Work instruction:
Leaving out the pictures, write out exactly each line from the line with "摇滚教父沃恩(Rock Master Voone)是传奇音乐节加入的一张战士 随从牌。" through the close of the listing below.

Extracted entries:
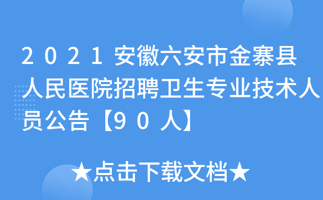 为进一步加强金寨县人民医院卫生专业技术人才队伍建设,不断满足医院快速发展需要,根据县委县政府《关于深化公立医院综合改革实施方案》文件精神,经研究并报县卫健委、县委编办同意,决定2021年继续面向社会自主公开招聘各类卫生专业技术人员90人。现将有关事项公告如下:
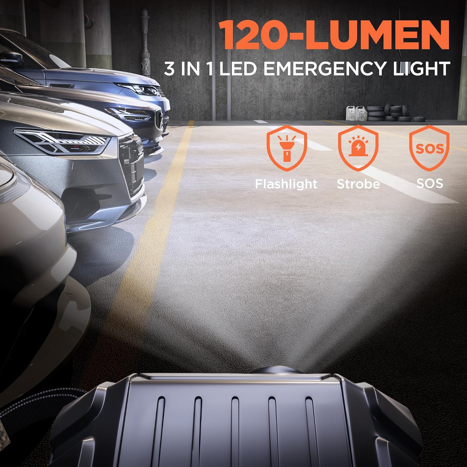 - 120 Lumens Emergency Light & Portable Handle: This jump starter power pack features a bright 120 lumen emergency light (400%+ brighter), lasting up to 72 hours. It offers 3 upgraded light modes (flashlight/strobe/SOS), perfect for various emergencies like night lighting, warning, and roadside repairs. Its humanized design includes a sturdy, portable carrying handle
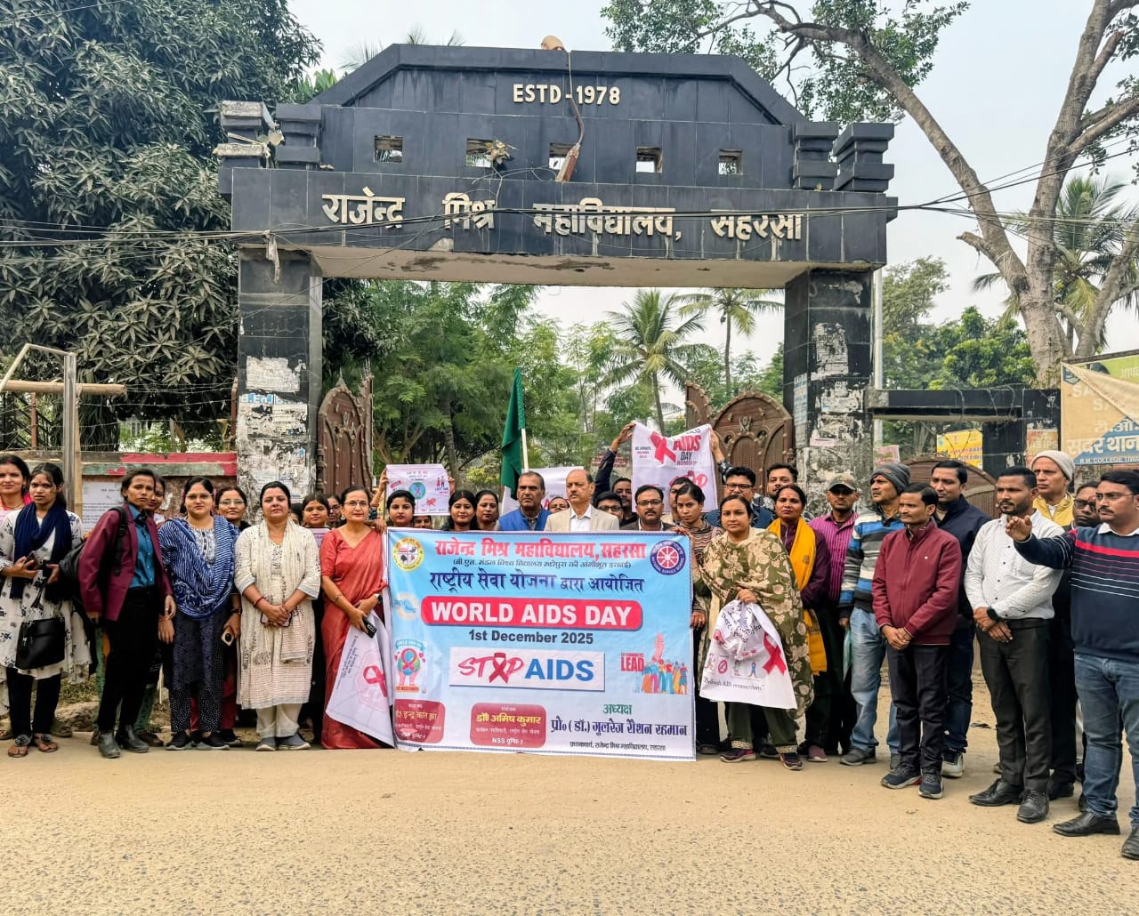 विश्व एड्स दिवस 2025 के मौके पर राजेन्द्र मिश्र महाविद्यालय, सहरसा में राष्ट्रीय सेवा योजना (NSS) के तत्वावधान में एक महत्वपूर्ण संगोष्ठी आयोजित की गई। इसके उपरांत प्राचार्य प्रो. (डॉ.) गुलरेज रौशन रहमान ने तिवारी टोला बायपास रोड पर जागरूकता रैली को हरी झंडी दिखाकर रवाना किया।
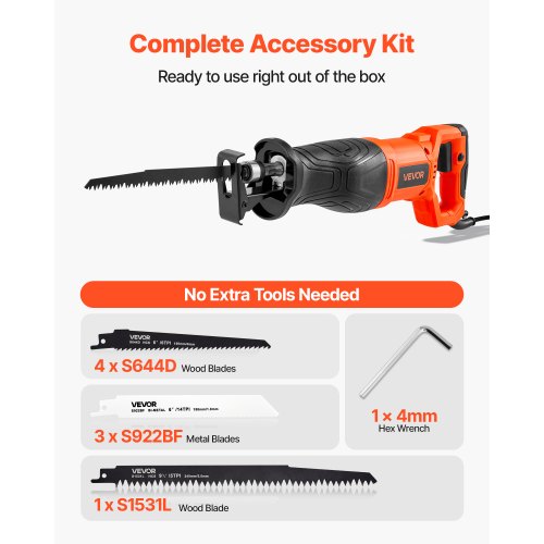 VEVOR Cordless Band Saw, 5-Inch Cut Capacity, Variable Speed, Handheld, 10A Motor, for Metal, Wood, Tubing, Pipes, Rebar, Plastic
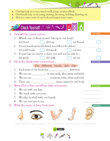 ! Our legs help us to run, stand, walk, jump, push and kick.
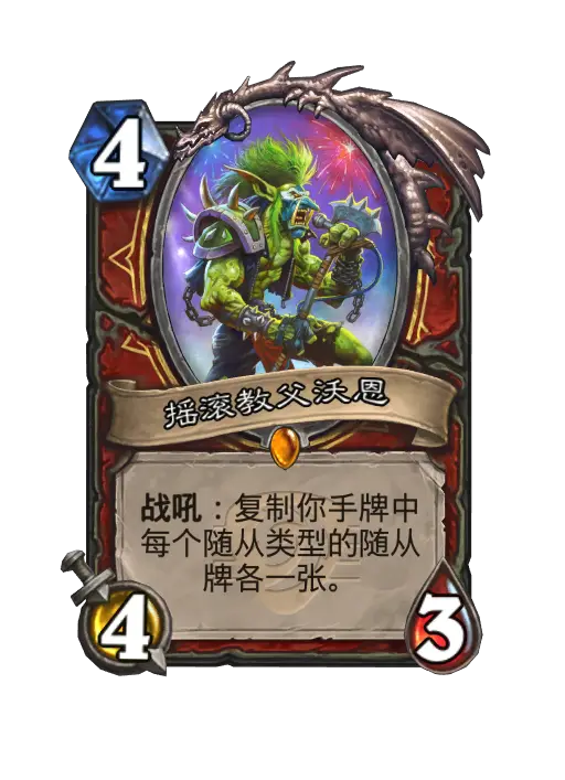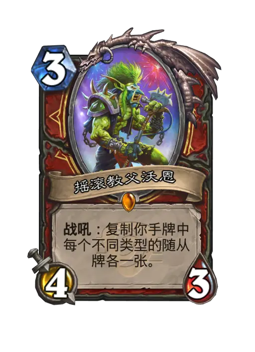 摇滚教父沃恩(Rock Master Voone)是传奇音乐节加入的一张战士 随从牌。
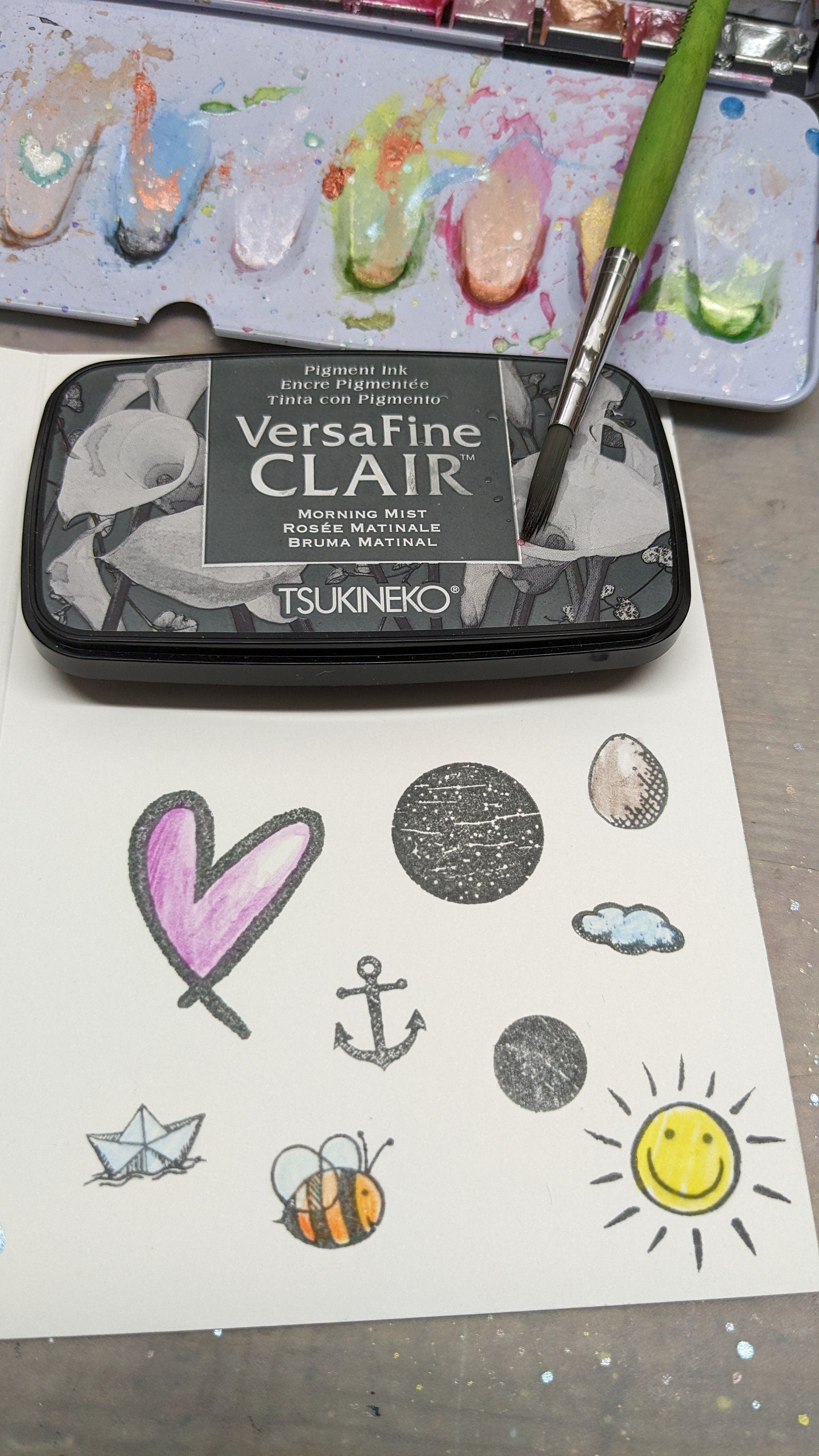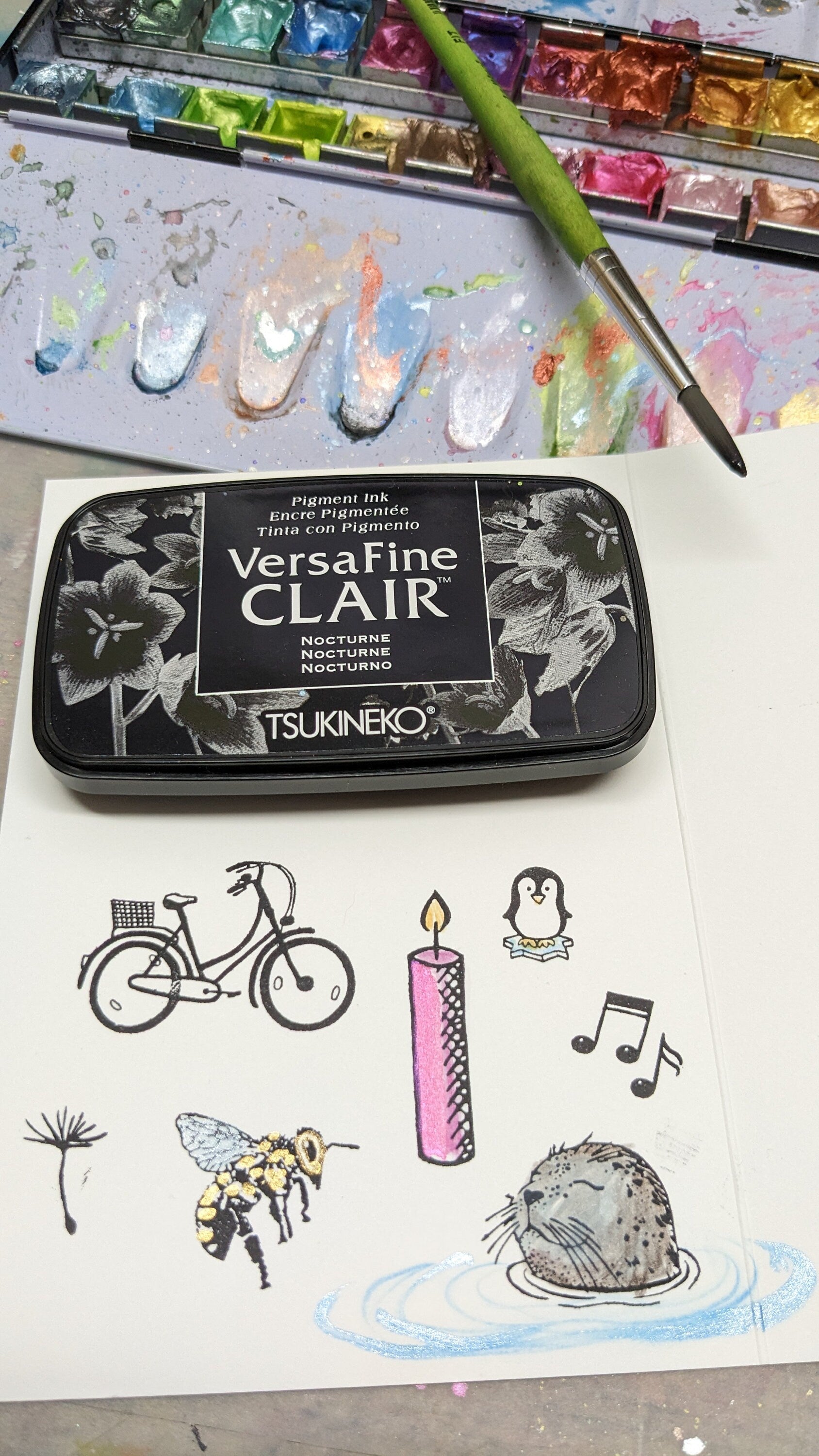 Mit dem VersaFine-CLAIR - Stempelkissen können auch größere Motiv-Stempel betupft werden.

Result of this exercise:
 摇滚教父沃恩(Rock Master Voone)是传奇音乐节加入的一张战士 随从牌。
 Mit dem VersaFine-CLAIR - Stempelkissen können auch größere Motiv-Stempel betupft werden.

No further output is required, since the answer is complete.